The Devil Book Analysis: A Danish Series Aflame with Intent
In the early hours of the 7th of April 1990, a devastating blaze broke out aboard the MS Scandinavian Star, a passenger ferry operating between Oslo and Frederikshavn. Insufficient crew training combined with jammed safety doors accelerated the propagation of the flames, while deadly cyanide gas released from combusting laminates caused the loss of 159 people. Initially, the tragedy was attributed to a passenger—a truck driver with a record of fire-setting. Since this suspect too died in the incident and was unable to defend the accusations, the full truth about the event remained concealed for many years. Only in 2020 that a comprehensive documentary disclosed the blaze was probably set intentionally as part of an fraud scheme.
Nordenhof's Scandinavian Star Series: A Glimpse
In the initial book of Nordenhof's Scandinavian Star sequence, the preceding volume, an unidentified narrator is traveling on a public transport through the Danish capital when she notices an older man on the sidewalk.

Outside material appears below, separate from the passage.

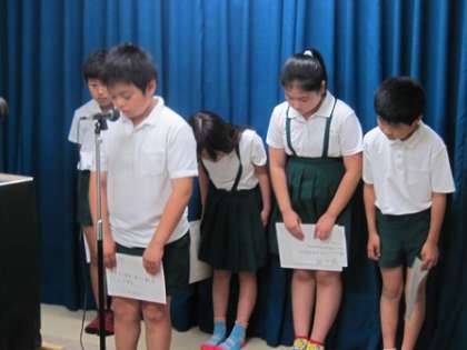 集会委員会の児童は、マイクの前ではっきりした声でわかりやすく問題を読み上げていました。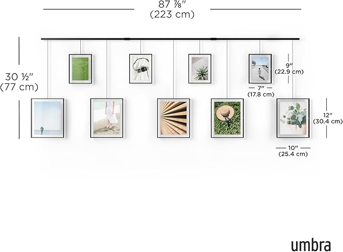 - MULTI-PHOTO WALL DISPLAY: Display your favorite photos in an eye-catching fashion using these hanging, gallery-style frames suspended from a modern and sleek beam; holds four 5x7 and five 8x10 photos

As the vehicle drives away, she feels an “uncanny feeling” that she is taking a part of him with her. Compelled to repeat the journey in search of him, the narrator enters a landscape that is both unfamiliar and strangely known. She presents us to Maggie and Kurt, whose connection is strained by the pressures of their troubled histories. In the concluding section of that volume, it is suggested that the root of Kurt's disaffection may stem from a disastrous investment made on his behalf by a man referred to as T.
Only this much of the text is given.